THE DATA START
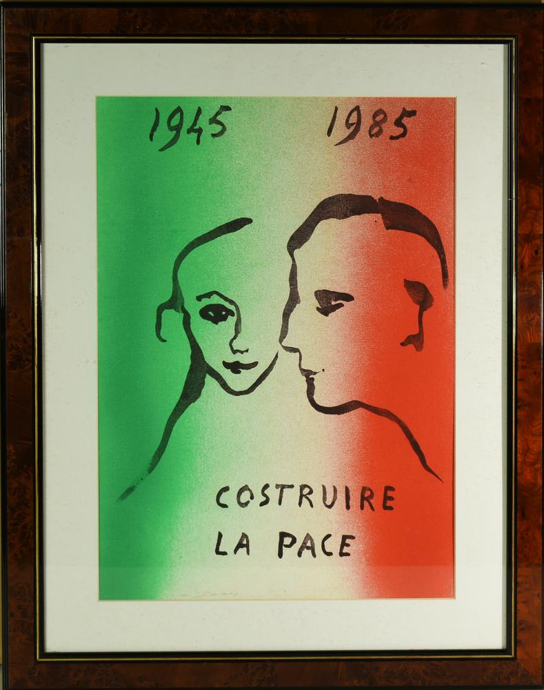 Ernesto Treccani COSTRUIRE LA PACE 1945-1985 tecnica mista su cartone telato,...
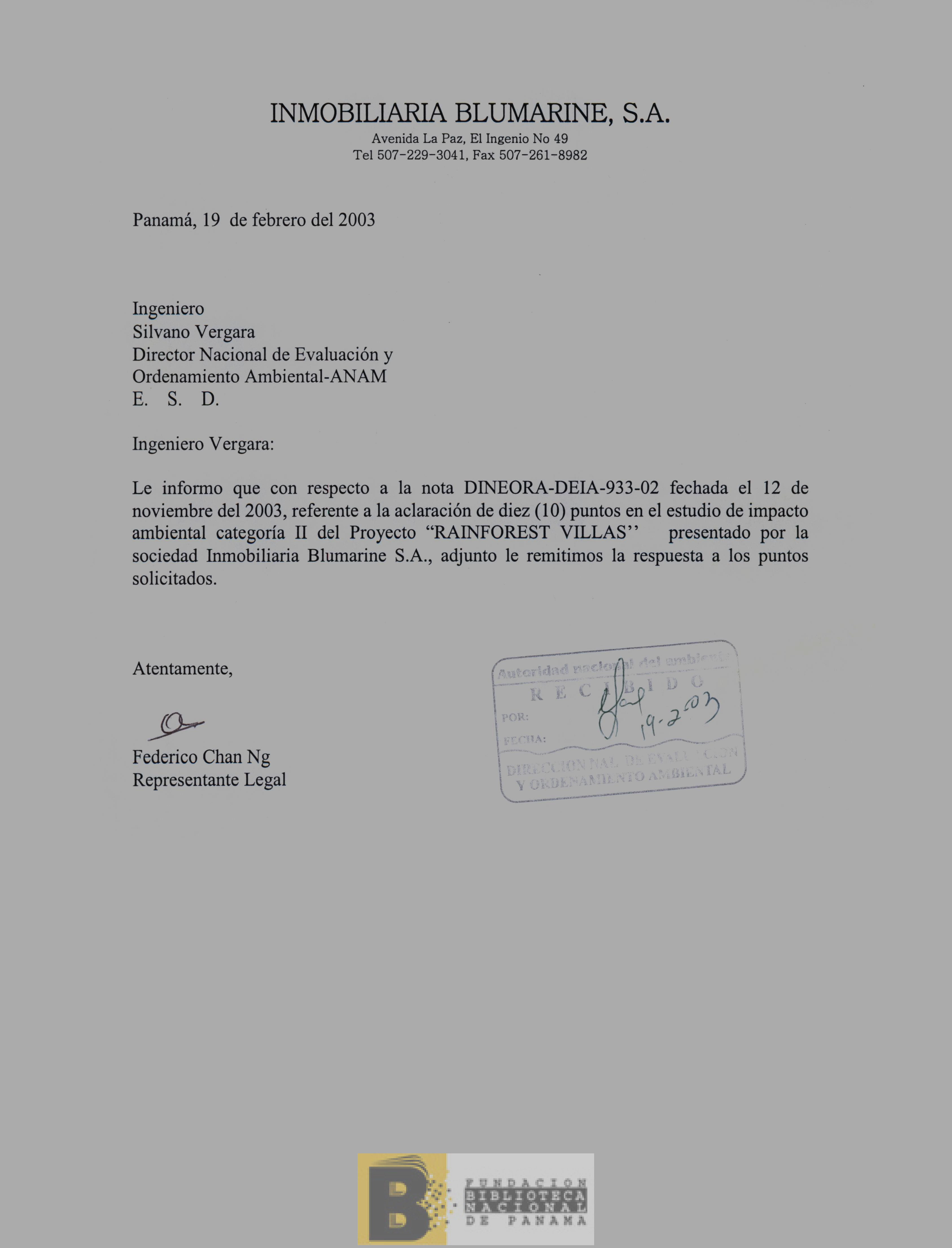 45. Adenda no.1, estudio de impacto ambiental, categoría II: proyecto "Rain Forest Villas"
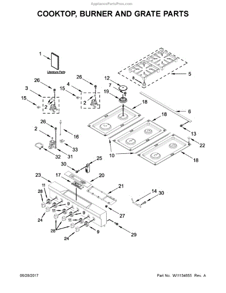This is a replacement cooktop top assembly that restores the cook surface and burner layout on compatible Whirlpool ranges. It replaces a damaged, cracked, or worn cooktop so you can safely resume normal cooking. What it does:
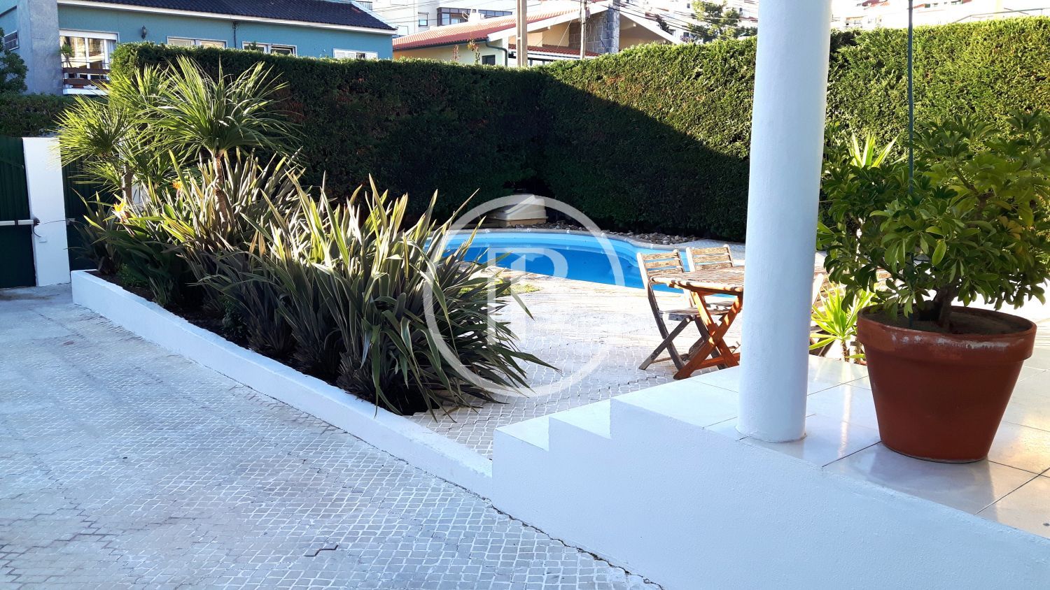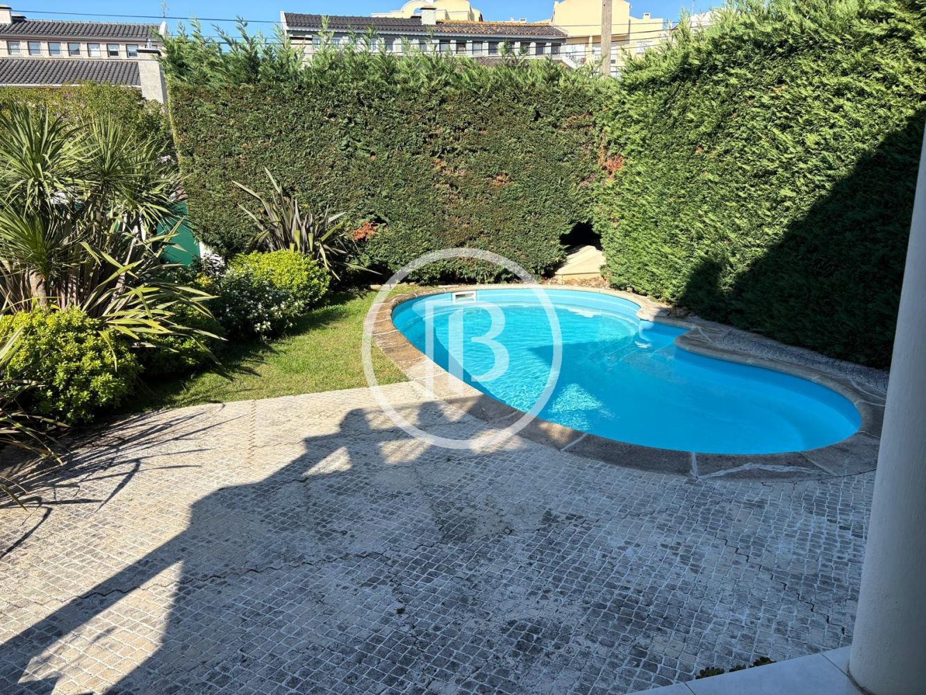 Excelente moradia com piscina e jardim perto da praia, do Parque Verde da Quinta da Carreira, comércio e serviços. Perto do Clube de Ténis, Padel e Golf do Estoril.
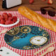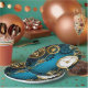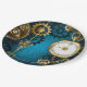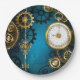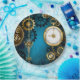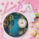Turquoise, textured, steampunk background with brass and gold gears, a silver key and the clock. Steampunk style.
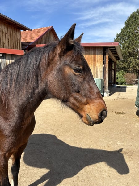 ZUR VERFÜGUNG, nicht zum Verkauf Wunderschöne und super tolle Stute sucht ein neues Zuhause. Meine Stute Josy, 15 Jahre alt, 150cm Stockmaß, sucht ein neues Zuhause mit neuem Wirkungskreis, in dem sie von ganzem Herzen geliebt wird und weiterhin ihrem Ausbildungsstand entsprechend gefördert wird. Josy ist eine total liebe Kleinpferd-Stute, die jedem gefallen möchte. Da sie ein irisches Halbblut ist und dementsprechend auch Vollblutanteile hat, hat sie ein entsprechendes Go und Tempo, ist dabei aber zu jeder Zeit, egal ob mit oder ohne Gebiss, super händelbar und wird auch nie kopflos oder so. Ihre Große Leidenschaft ist das Ausreiten, aber auch Bodenarbeit, Handarbeit, Spazieren, Longieren, Dressur oder ab und zu mal über ein Hindernis hüpfen macht ihr große Freude. Auch ganz junge und kleine Kinder durften auf ihrem Rücken schon Platz nehmen und dabei agiert sie mit größter Vorsicht, um ihrem kleinen Freund auf ihrem Rücken ja nicht zu schaden. Sie wäre daher bestimmt auch ein super Familienpony. Da ich sie mit einer Trageerschöpfung übernommen habe und sie die Jahre zuvor auch fast ausschließlich im Gelände geritten wurde, ist sie in der Dressur noch eher am Anfang und bedarf noch einer fördernden Hand. Ihr macht es aber großen Spaß und wenn man mit einer ruhigen Art mit ihr arbeitet lernt sie super schnell dazu. Wir haben auch schon mehrere Tages- und Wanderritte mit ihr gemacht und das macht ihr am aller meisten Spaß. Sie geht sowohl alleine als auch mit anderen Pferden in der Gruppe an jeder Position ins Gelände und meistert Autos, Traktoren, LKW´s, Brücken, Tunnel, Unterführungen, Städte, Dörfer, Gewässer, andere Tiere und Co mit Bravour und ist dabei total unerschrocken. Sie kennt auch das Ausreiten mit Handpferd sowie das mitlaufen als Handpferd bei einem anderen Pferd. Da Josy total brav in den Hänger geht und auch grundsätzlich eher unerschrocken ist, wären kleinere Turniere mit ihr sicher machbar, sie hat bislang allerdings noch keine Turniererfahrung und ich glaube auch nicht, dass sie aufgrund ihres aktuellen Ausbildungsstandes super geeignet wäre für Turniere. Für ihr neues Zuhause ist mir vor allem wichtig, dass sie in einem Offenstall mit anderen Pferden zusammen gehalten wird und nicht in einer Box stehen muss. Zudem ist mir wichtig, dass mit dem Pferd abwechslungsreich gearbeitet wird und es einem nicht nur um Reiten geht, sondern das Pferd als Partner und Freund angesehen wird und nicht als Sportgerät. Sie muss im Winter bzw. bei Regen und/oder Kälte eingedeckt werden, das sie sonst schnell verspannte Muskeln hat. Sonst hat sie keinerlei gesundheitliche Probleme und ist top fit. Aktuell läuft sie Barhuf und kommt damit auch hervorragend klar. Für die Wanderritte hatte sie Hufschuhe drauf, für normale Ausritte oder Tagestouren braucht sie aber nicht die. Da ich sie nicht verkaufen möchte, sondern zunächst einmal zur Verfügung stellen würde, wäre es mir lieb, wenn sie im Umkreis von Bayern bleiben würde. Das ist aber keine Grundvorraussetzung. Wenn alles passt, würde es auch die Möglichkeit zu einer Kaufoption geben. Bei weiteren Fragen gerne jederzeit Melden.
THE DATA END
### REQUIRED WORK
In the entries above, find the line with "Excelente moradia com" and the line with "Turquoise, textured, steampunk". Write out exactly those two lines and every line between them, pictures excluded.

### ANSWER FOR THIS EXERCISE
 Excelente moradia com piscina e jardim perto da praia, do Parque Verde da Quinta da Carreira, comércio e serviços. Perto do Clube de Ténis, Padel e Golf do Estoril.
Turquoise, textured, steampunk background with brass and gold gears, a silver key and the clock. Steampunk style.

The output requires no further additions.